In one, it’s another bar, but this one accented with dim lights, alternating red orange yellow green blue indigo violet, a non-subtle calling card. An arm heavy with drink finds its way across his shoulders, and the man takes a squint at him before realizing his mistake and wondering off to find his real target, the tight shirt and outrageous leather pants hinting at his profession, and the red thread knotted around his throat confirming it. Andrew watches him go with something more than a disinterested farewell glance and the bartender says, “Not that one, Ilnyckyj. Find another fuck.” And Andrew would be more than happy to comply, but they keep meeting. And again. And again. And he gets to know Steven Lim, and even gets to know his shitty regular customers—the obnoxious frat kid so far up his own ass he can’t see how deep in the closet he’s sunk himself, the nervous tall man with large hands, the guy Steven mistook him for that first night. He learns about their weird habits and their preferences and Steven gets drunk and cries about how he’s fallen for a guy with a healthy obsession of making them breakfast every morning, and how nothing will ever happen because the guy’s married and also not interested.
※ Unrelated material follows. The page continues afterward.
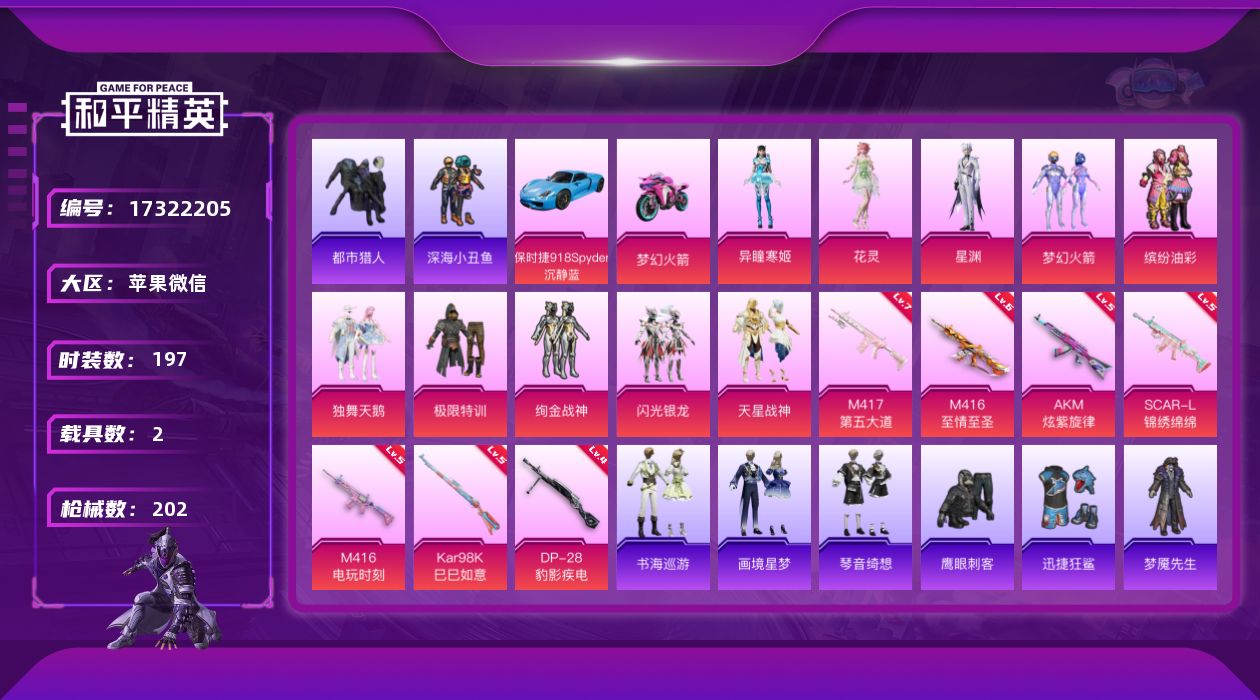 [17322205]苹果 微信-11粉装-9特效枪-2载具-3粉色飞行器-67713热力值-8王牌印记-197套装-202枪皮 【热门品类】:粉装-梦幻火箭,粉装-缤纷油彩,套装-浪漫天命,套装-都市猎人,套装-深海小丑鱼,套装-小丑鱼,套装-忍者信条,套装-龟仙人,套装-暗影哥特,角色-8号机,角色-Mark.06,套装-红熊茄茄 【粉色套装】:粉装-独舞天鹅,粉装-极限特训,粉装-梦幻火箭,粉装-缤纷油彩,粉装-绚金战神,粉装-闪光银龙,粉装-天星战神,角色-花灵,角色-星渊,角色-异瞳寒姬,人物-小舞·恋语 【粉色枪皮等级】:AKM-炫紫旋律(五级),SCAR-L-锦绣绵绵(五级),M416-至情至圣(六级),M416-电玩时刻(五级),UMP45-萌骑冒险(三级),Kar98K-巳巳如意(五级),Mk14-福马献瑞(四级),M417-第五大道(七级),DP-28-豹影疾电(四级) 【粉色载具】:保时捷918 Spyder(沉静蓝),双人摩托-梦幻火箭 【粉色枪皮】:AKM-炫紫旋律,SCAR-L-锦绣绵绵,M416-至情至圣,M416-电玩时刻,UMP45-萌骑冒险,Kar98K-巳巳如意,Mk14-福马献瑞,M417-第五大道,DP-28-豹影疾电 【粉色飞行器】:香车宝马飞行器,炫彩糖果飞行器,夜幕颂歌飞行器 【粉色降落伞】:幻影战神降落伞,梦幻火箭降落伞,夏日绵绵冰降落伞,垂柳戏鸭降落伞,第五大道降落伞,仲夏莫吉托降落伞,白勺歌姬降落伞,祥瑞锦鲤降落伞,江南烟雨降落伞,精灵梦叶罗丽降落伞,冠军兔兔降落伞,忍者神龟降落伞,千金淑猫降落伞,圣域龙灵降落伞,异瞳寒姬降落伞,炫彩糖果降落伞,谜鸦审判降落伞,小舞降落伞 【稀有套装】:套装-龟仙人,套装-巳巳如意,套装-雪国风尚,角色-奈斯,角色-魂电,角色-罗莉,角色-幸运青,角色-X,角色-阿虎,套装-马上有钱,套装-雏菊兔兔,套装-萝兰蝴蝶,套装-小熊娃娃,角色-都市丽猫,套装-晶辉守护,套装-诡诞巡游,套装-混沌火种,套装-书海巡游,套装-画境星梦,套装-琴音绮想,套装-雨过天青,套装-红釉青花,角色-幻步猫灵,角色-曹焱兵,角色-唐三,角色-朱竹清 【稀有枪皮】:AKM-彩虹符号,AKM-影袭,AKM-破晓战魂,AKM-龙的传人,M16A4-幻世战舞者,SCAR-L-夜灯,SCAR-L-玉兔迎春,SCAR-L-红色方程式

And Andrew will shoulder it, he’ll fucking take it, because this is it. This is all he can ever be; he promised himself he’d never be another number to Steven, another quick shot of whiskey before heading off in a stranger’s car. He repeats it to himself like a prayer until their cheeks are both flushed with something not quite alcoholic and he looks down and has Steven Lim pinned to the sheets, a carefully negotiated set of rules between them and a wrecked friendship waiting in the future.

 

**2016.**

In one, they meet on a soggy day in November with shitty company sandwiches and unbranded soda even though they rake in more money than a goddamn media company should even consider decent. Andrew barely notices him among all the new interns, still scrubbed shiny and happy, still with their duckling fluff hair and their goddamn gee-golly-gosh can-do attitude. It’s all so naive he wants to puke. And Steven Lim might be the worse of them all, looking like a puppy with those wide, bright eyes. Andrew tries to ignore him because he’s learned early on not to get entangled with those people—middling cast members with just a hint of enough awkwardness to never truly reach the levels of Keith and the like. But they keep getting cast in the same videos, and people seem to subconsciously like their pairing, so it doesn’t come as a surprise to him when Steven wheedles over to his desk after Keith had to leave Steven’s baby show, still in the pitch stage really, already reeling with a quick cast cut and lack of structure. “No,” he says, “I have too much work.” He’s prepared himself for those sad eyes, the disappointment in Steven’s voice when he says, “Yeah, okay, of course, man. Sorry to bother you.” And he can feel Adam’s eyes on him when he sighs and says, “No, wait. Come back. I’ll do your stupid expensive gold-eating show with you. But we’re getting pizza for the first episode.” He doesn’t think about how Steven’s eyes light up, about how he made them light up. That’s a crisis for another day, in Japan maybe, after he’s allowed himself to get attached and remembered too late that Steven was a walking red flag, something to be avoided at all costs. 

 

**xxxx.**

In many, they barely brush by the other’s existence. A hot cup of coffee between them, Andrew letting his hand linger a touch too long when he hands over his credit card. A neighboring cabin room on a family cruise ship, where they keep passing the other in the hall, not allowing themselves anything more than polite, obligatory smiles. A quick kiss on New Year’s because they happened to be standing next to each other, the sting of snow on their faces. A friend of a friend of a friend that almost hooked up one time because of some miscommunication that was sorted out too early and stopped an inane plot to get them both laid. A groan and a sigh as they both perish on an abandoned field, the soldiers and bullets having travelled uphill hours ago, leaving behind the forgotten and fallen. A staccato of heartbeats when Andrew hands back the papers on the last day of his TA class and the student gives him the brightest smile he’s seen outside a Disney movie. A passing thought of, “Fuck, he’s hot,” on the morning subway before they both part ways at different stations. A stood-up date. A missed opportunity. A one night stand. A shy avoidance. A bittersweet first crush. A play of fate. 

 

**∞.**

In one, they play and wish and woo and marry, and enjoy a full life of friends and happiness, and finally pass from one world into the next between mere hours of each other because one could never have survived long without the other. 

**Author's Note:**

> [tumblr](https://sovnly.tumblr.com/)


End file.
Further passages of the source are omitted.